> [Task objective]: Extract exactly the lines from the top of the records through the line containing "Stylish Ralph Lauren", and keep pictures out of the copy.
§ §
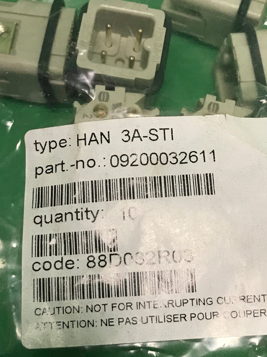 New in its original packagingRegular price €100,00 Exc VATRegular priceUnit price / perSale price €100,00HARTING HAN 3A-STI HAN3ASTI PART NO : 09200032611 BOX OF 10 UNITS
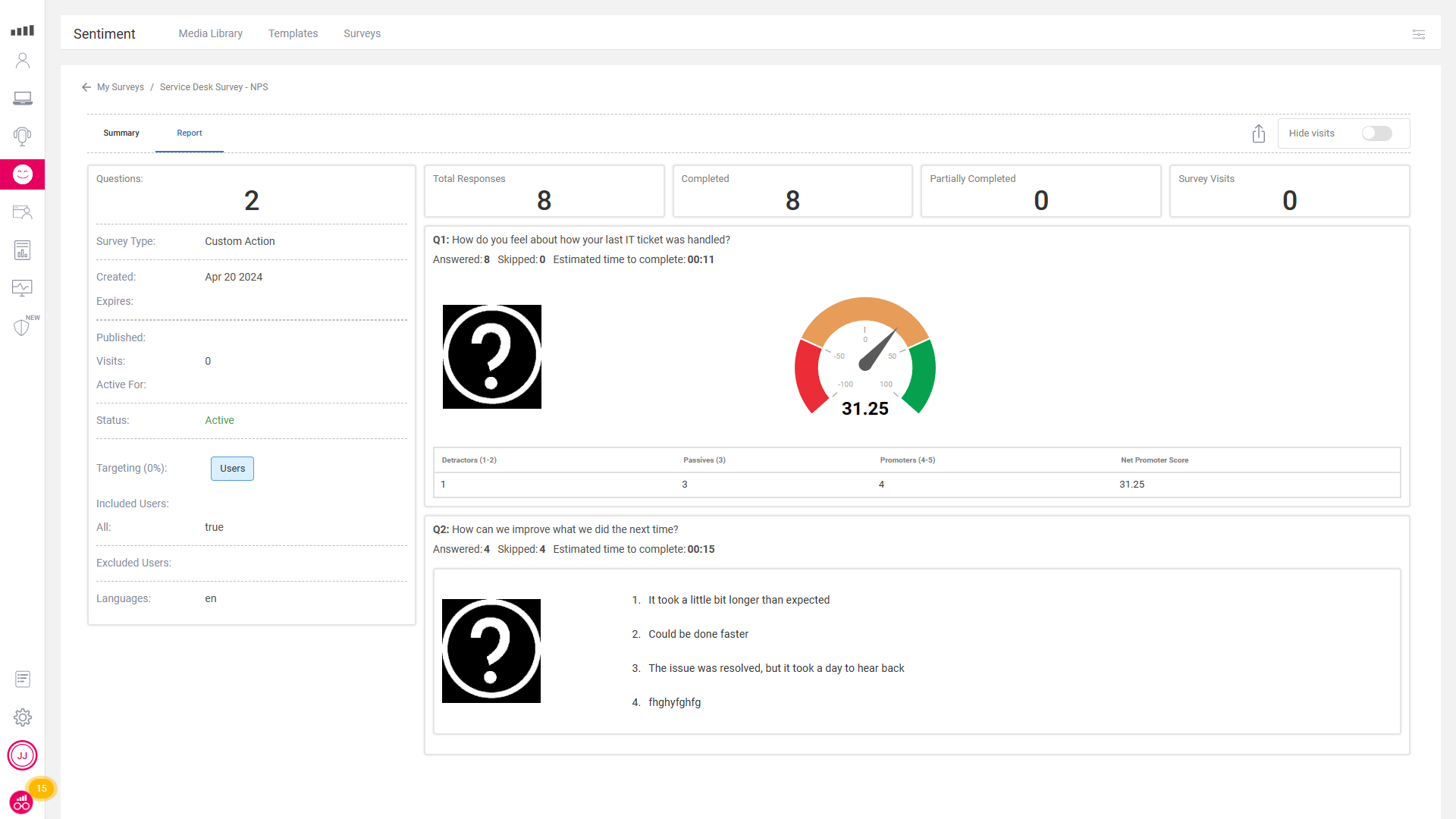 Control Up has built-in surveys that can be sent to all employees or triggered by a computer event. This gives your organization full control over who gets a survey, how often they get it, and even what languages it is in. It provides a complete breakdown of responses, surveys sent, and even NPS scores so you can fully understand the employee sentiment.
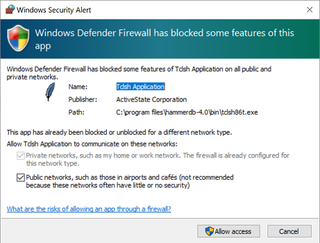 On both Windows and Linux your Firewall configuration should permit communication between the hosts where the agent and the display are running, for example on Windows you may see the following security alert as the agent will open a port for communication, access needs to be permitted to enable communication.
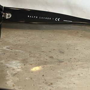 Stylish Ralph Lauren sunglasses with a glossy black frame. Perfect for a modern look.
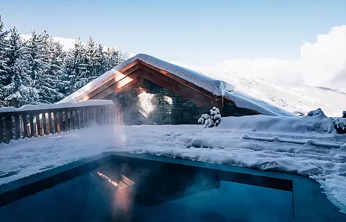 Practical and comfortable, the ski room in each chalet means that guests can easily get ready and head straight out onto the pistes without wasting time in the morning. After skiing, or if it is snowing, guests can take refuge in the private basement swimming pool. Each chalet also has its own private massage room. Butler, Chambermaid, Cooking chef, Courtesy Limousine Service, Indoor Pool, Steam room, Spa Treatment room, Private Skiroom, Private access to the slopes, Direct access to the hotel, TV room, Wifi, View over the Meribel Valley, Extra bed and baby cot available on demand, Access to all the hotel’s services.
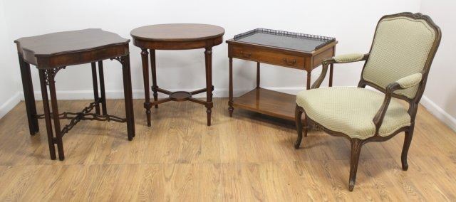 Including French style armchair; Chippendale style mahogany table, approx. 28" H x 26" W; oval table, approx. 27 1/2" H x 28" W; granite top Beacon Hill table, approx. 24 1/2" H x 28" W x 18 1/2" D. All with some losses.
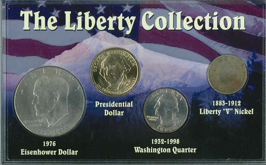 This collection contains four classic U.S. Coins featuring four different images celebrating liberty. The Presidential Dollar, first minted in 2007, features the Statue of Liberty on the reverse of the coin. The Eisenhower Dollar, the largest modern dollar coin depicts the Liberty Bell. The Washington Quarter shows an American Eagle, and the Liberty 'V' Nickel has a portrait of Lady Liberty.
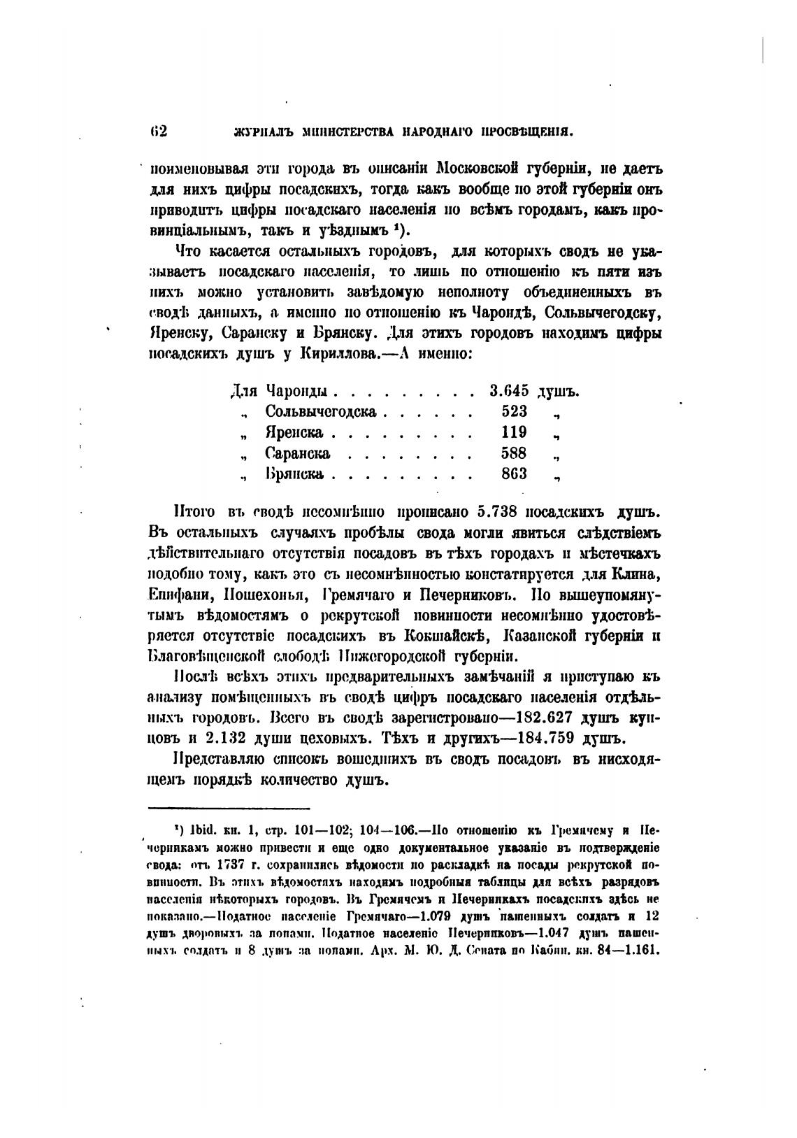 приводить цифры посадскаго по вс%мъ городамъ, какь про-
§ §
> [Solution for this problem]:
 New in its original packagingRegular price €100,00 Exc VATRegular priceUnit price / perSale price €100,00HARTING HAN 3A-STI HAN3ASTI PART NO : 09200032611 BOX OF 10 UNITS
 Control Up has built-in surveys that can be sent to all employees or triggered by a computer event. This gives your organization full control over who gets a survey, how often they get it, and even what languages it is in. It provides a complete breakdown of responses, surveys sent, and even NPS scores so you can fully understand the employee sentiment.
 On both Windows and Linux your Firewall configuration should permit communication between the hosts where the agent and the display are running, for example on Windows you may see the following security alert as the agent will open a port for communication, access needs to be permitted to enable communication.
 Stylish Ralph Lauren sunglasses with a glossy black frame. Perfect for a modern look.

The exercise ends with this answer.